**WHAT IS BEING ASKED:** Once the line with "- [校閲]タブを開き、[言" has been located in the records below, set down that line and all subsequent lines exactly, omitting the pictures.

**DATASET RECORDS:**
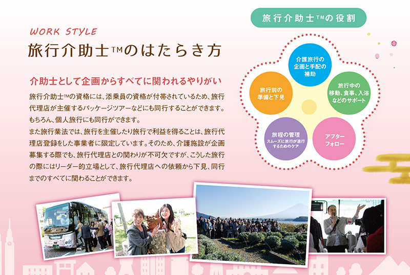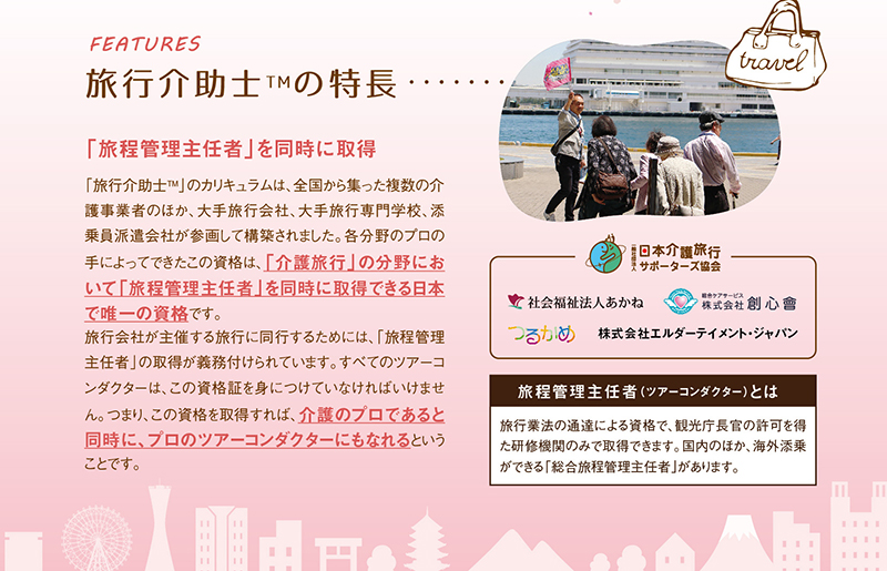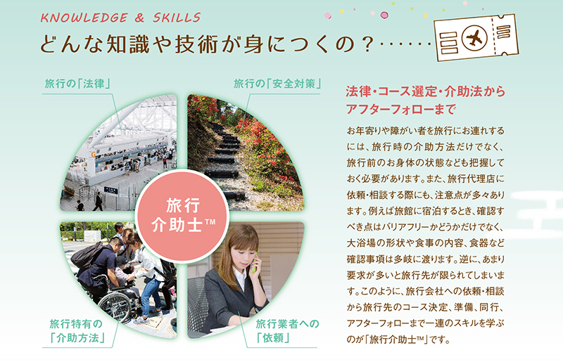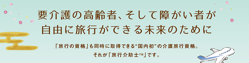 「旅行に行きたい!」を叶える!要介護の高齢者、そして障がい者が自由に旅行ができる未来のためにお手伝いする資格。お年寄りや障がいを持った方から「また旅行に行きたい」「あのときは、楽しかった」という声をたくさん耳にします。皆さん、もう一度旅行ができるようになりたいのです。そんな想いをサポートするのが「旅行介助士TM」です。旅行前の準備、旅行中の介助法から観光の知識まで、幅広いスキルを習得して、たくさんの方の「旅行したい」という夢のサポートをしましょう。「旅行の資格」も同時に取得できる“国内初”の介護旅行資格。それが「旅行介助士TM」です。
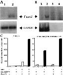 Fig. 7. Expression of Fast1 and endogenous ARE-luciferase responsiveness in P19 cells. (A) Northern analysis measuring Fast1 mRNA levels in NIH 3T3 cells (lane 1) and P19 cells (lane 2). (B) RT-PCR measuring Fast1 mRNA levels in NIH 3T3 cell (lane 1) and P19 cells (lane 2). As a control, RT-PCR was done on cellular RNA in the absence of reverse transcriptase (lane 3). A water blank is shown in lane 4. Levels of GAPDH were measured for both Northern analysis and RT-PCR as an internal loading control. C) Endogenous ARE responsiveness of P19 cells versus NIH 3T3 cells; P19 cells were transfected with the multimerized ARE Luciferase reporter construct A3, and or ACTRIB*, and Fast1. The background is defined as the Luciferase activity from cells transfected with the ARE-Luciferase reporter construct alone. The results are of a representative experiment, performed in triplicate.
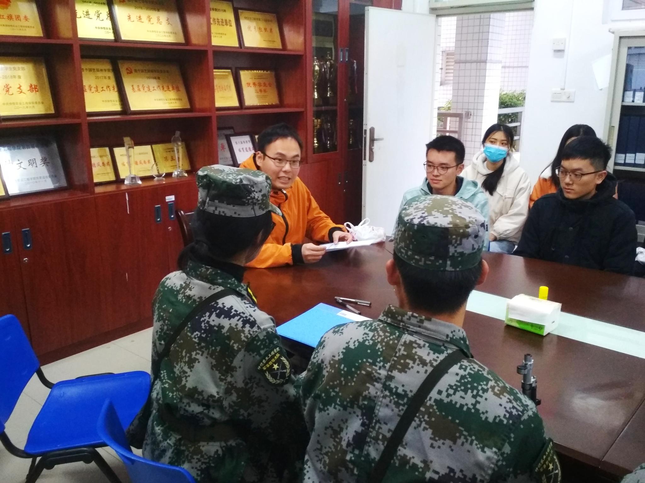 李剑峰老师向教官团询问军训要求,并表示学院会协助教官团完成20级学生军事训练工作,提高20级学生纪律意识;此外,他还了解了助班值班安排情况,确保助班值班制顺利落实。教官团提醒助班团在值班时间内要保证通讯畅通,以便及时处理可能出现的意外事故。
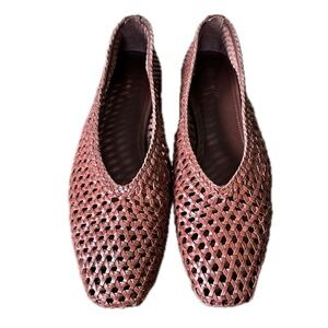 Absolutely gorgeous woven leather ballet flat to make any outfit unforgettable. I have been looking to replace the Frye Regina Woven Flat for years and this shoe is the closest that I've gotten. The color is a dark brown with a very slight reddish hue. It runs narrow for a 9.5, but will probably stretch over time. It was shipped in the shoe box so the box is scuffed, but it does come with a cute cloth Madewell travel bag for protection in your suitcase - see last image. Please note that there are very small almost invisible marks on the soles, but the rest of the shoe is perfect.
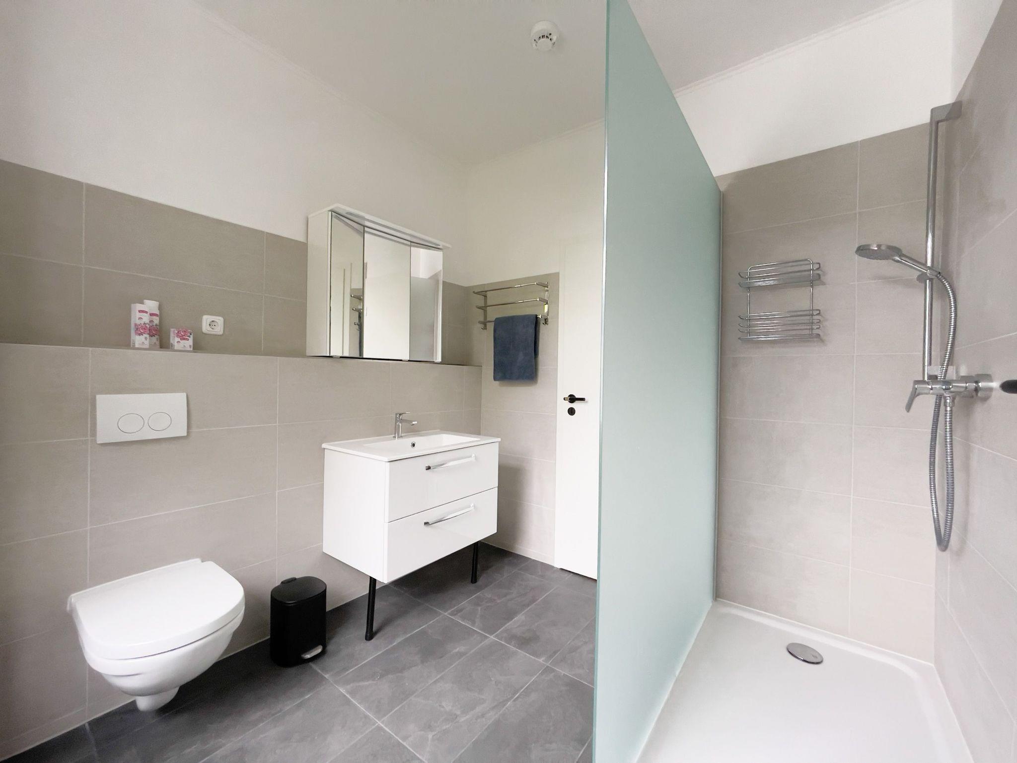 • Bad:mit Fenster, Dusche, Waschbecken, Toilette, Spiegel, Handtuchhalter, Regal
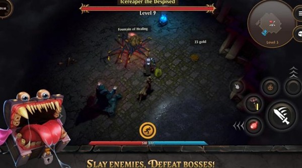 5、进入地牢和各种怪物战斗,击败这些怪物获得强力装备提升自己的实力,不断挑战一层层的怪物来体验新的冒险乐趣。
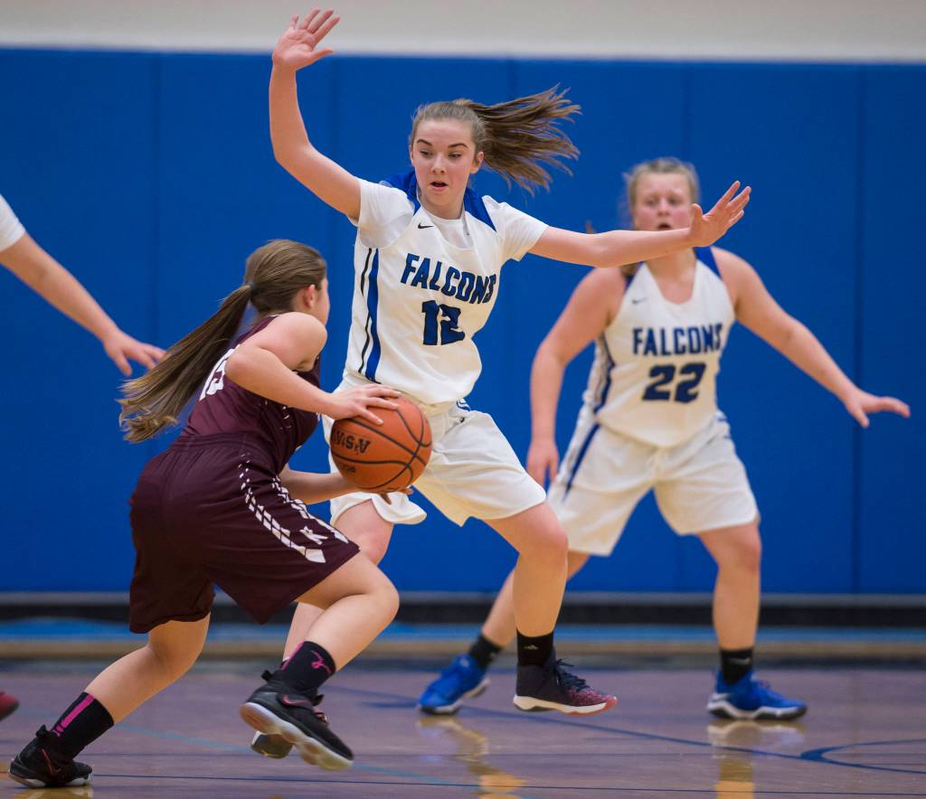 TMHS senior Andee Johnson scored six quick points near the paint and Taz Hauck nailed a 15-foot jumper to bring the Falcons within one point of Ketchikan late in the third quarter.
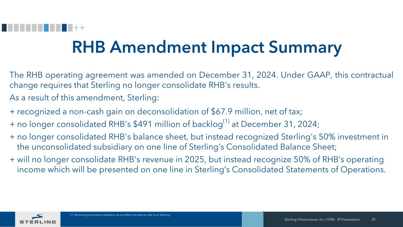 Sterling Infrastructure, Inc. | STRL: IR Presentation 20 RHB Amendment Impact Summary The RHB operating agreement was amended on December 31, 2024. Under GAAP, this contractual change requires that Sterling no longer consolidate RHB’s results. As a result of this amendment, Sterling: + recognized a non-cash gain on deconsolidation of $67.9 million, net of tax; + no longer consolidated RHB's $491 million of backlog(1) at December 31, 2024; + no longer consolidated RHB's balance sheet, but instead recognized Sterling's 50% investment in the unconsolidated subsidiary on one line of Sterling’s Consolidated Balance Sheet; + will no longer consolidate RHB's revenue in 2025, but instead recognize 50% of RHB’s operating income which will be presented on one line in Sterling’s Consolidated Statements of Operations. (1) Remaining performance obligations do not differ from what we refer to as “Backlog”.
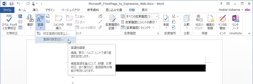 - [校閲]タブを開き、[言語]グループの[言語]を選択して[言語の設定]をクリックします。
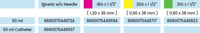 Made of polypropylene; Easy aspiration up to maximum volume; Minimal residual volume; High impermeability; Easy and confortable piston movement; Safe plunger backstop; Medical grade blister packing consisting of transparent film; EO Sterilization.
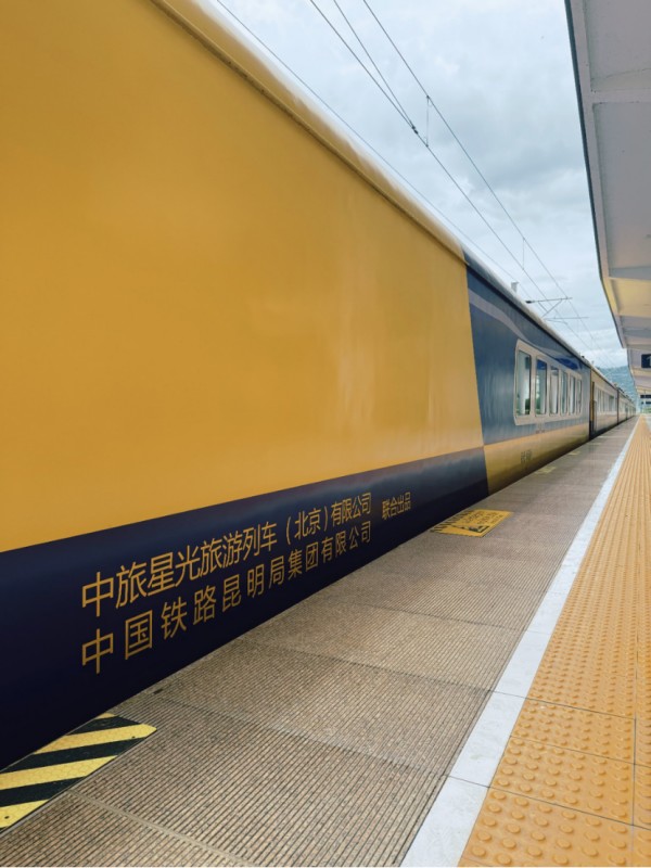 中老铁路作为国家“一带一路”、中老友谊标志性工程,是名副其实的国际黄金大通道,借助中老铁路的独特优势和魅力,中旅资产作为中国旅游集团新兴产业孵化平台,倾力打造的“星光·澜湄号”中老铁路跨境旅游列车的开行,通过旅游和交通的深度融合,打造“旅游+铁路”“旅游+文化”新产品、新服务、新业态,积极展示“一带一路”移动文化长廊。
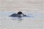 Female Goosander (Mergus merganser) eating a fish, Littleton Reservoir, Dams to Darnley Country Park
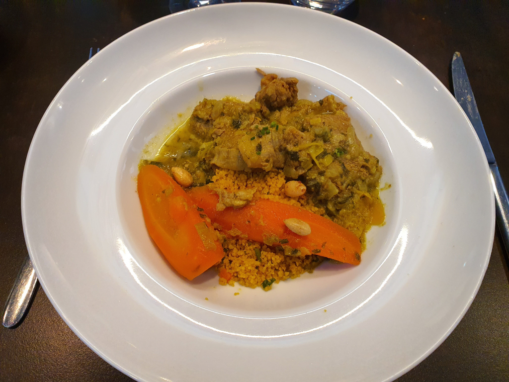 For our mains Anne-So and I enjoyed a plate of tender spiced veal that melted in the mouth, accompanied with aromatic couscous and a lightly spiced vegetable stew.
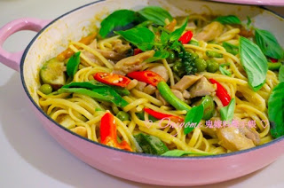 泰式青咖哩配意大利粉? Fushion?亂來? 其實這是曼谷很流行的吃法,一點都不怪,而且非常美味,香港吃到的青咖哩,多數配白飯、法包或蒜包,我最愛的吃法是炒飯,其次是意粉,最後才是白飯,意大利粉來到泰國都要本地化,懶理正宗不正宗,意大利人看到可能要暈,但好吃就是王道,不理了~ 青咖哩當然是用我大愛的藍象,除了常見的包裝,瓶裝其實更划算,隨口味用多用少,儲存容易,除了炒飯和意粉,我還會用青... 看全文 -
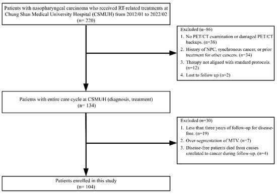 In the second stage, an additional 30 patients were excluded for the following reasons: nineteen disease-free patients had follow-up periods of <3 years. Seven patients experienced over-segmentation during the delineation of MTVs. Four disease-free patients died from causes unrelated to cancer during the follow-up period. Ultimately, 104 patients who met all inclusion criteria were included in this study.

**ANSWER SPACE:**
 - [校閲]タブを開き、[言語]グループの[言語]を選択して[言語の設定]をクリックします。
 Made of polypropylene; Easy aspiration up to maximum volume; Minimal residual volume; High impermeability; Easy and confortable piston movement; Safe plunger backstop; Medical grade blister packing consisting of transparent film; EO Sterilization.
 中老铁路作为国家“一带一路”、中老友谊标志性工程,是名副其实的国际黄金大通道,借助中老铁路的独特优势和魅力,中旅资产作为中国旅游集团新兴产业孵化平台,倾力打造的“星光·澜湄号”中老铁路跨境旅游列车的开行,通过旅游和交通的深度融合,打造“旅游+铁路”“旅游+文化”新产品、新服务、新业态,积极展示“一带一路”移动文化长廊。
 Female Goosander (Mergus merganser) eating a fish, Littleton Reservoir, Dams to Darnley Country Park
 For our mains Anne-So and I enjoyed a plate of tender spiced veal that melted in the mouth, accompanied with aromatic couscous and a lightly spiced vegetable stew.
 泰式青咖哩配意大利粉? Fushion?亂來? 其實這是曼谷很流行的吃法,一點都不怪,而且非常美味,香港吃到的青咖哩,多數配白飯、法包或蒜包,我最愛的吃法是炒飯,其次是意粉,最後才是白飯,意大利粉來到泰國都要本地化,懶理正宗不正宗,意大利人看到可能要暈,但好吃就是王道,不理了~ 青咖哩當然是用我大愛的藍象,除了常見的包裝,瓶裝其實更划算,隨口味用多用少,儲存容易,除了炒飯和意粉,我還會用青... 看全文 -
 In the second stage, an additional 30 patients were excluded for the following reasons: nineteen disease-free patients had follow-up periods of <3 years. Seven patients experienced over-segmentation during the delineation of MTVs. Four disease-free patients died from causes unrelated to cancer during the follow-up period. Ultimately, 104 patients who met all inclusion criteria were included in this study.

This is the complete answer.